Through the use of the style parameter of this plotting function, a third axis can be depicted. This increases the total variance accounted for to 22%. In Figure 3 all four treatment groups have been separated (though this is difficult to see without being able to change the perspective).

plotIndiv(final.splsda.multilevel.vac18, 
          group = vac18$stimulation, 
          ind.names = vac18$stimulation,  
          style = '3d')

newplot

FIGURE 3: Sample plot for sPLS-DA performed on the vac18 data. Samples are projected into the space spanned by the first three components yielded by this method.

Variable Plots

A heatmap representation of each sample’s feature values is very useful in this context. This has been visualised in Figure 4. The left-most column of colours depict the subject associated with each sample. It is of note that samples from the one subject were rarely clustered together (using hierarchical clustering) as seen in the dendrogram on the left. This once again shows how the multilevel approach avoids focusing on the inter-sample variation which usually does not yield any useful information.

# set the colours used for the subject assocaited 
# with each sample (left-most column)
col.ID <- c("lightgreen", "red", "lightblue", "darkorange",
              "purple", "maroon", "blue", "chocolate", "turquoise",
              "tomato1", "pink2", "aquamarine")[vac18$sample]

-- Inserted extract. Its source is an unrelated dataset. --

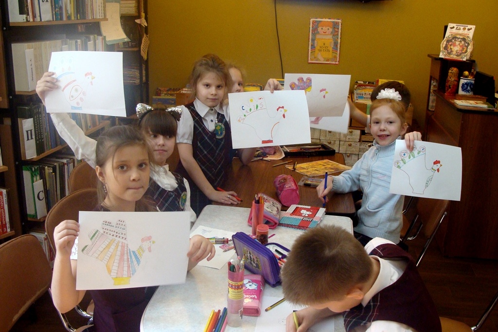 Ну и как же без творчества. Наши юные читатели получили шаблоны ладошек в виде петушков. Дети вмиг их сделали нарядными, раскрасив под дымковскую и филимоновскую игрушку.

cim(final.splsda.multilevel.vac18, 
    row.sideColors = cbind(color.mixo(c(vac18$stimulation)), col.ID),
    row.names = paste(vac18$stimulation, vac18$sample, sep = "_"),
    col.names = FALSE, legend=list(legend = c(levels(vac18$stimulation)), 
    col = c(color.mixo(1:4)),
    title = "Stimulation", cex = 0.8))

newplot

FIGURE 4: Clustered Image Map from the sPLS-DA performed on the vac18 data. The plot displays the genetic expression levels of each measured feature for each sample. Hierarchical clustering was done with a complete Euclidean distance method. The left-most column of colours denotes which subject a given sample belongs to. The colour column to the right of this shows the treatment associated with each sample.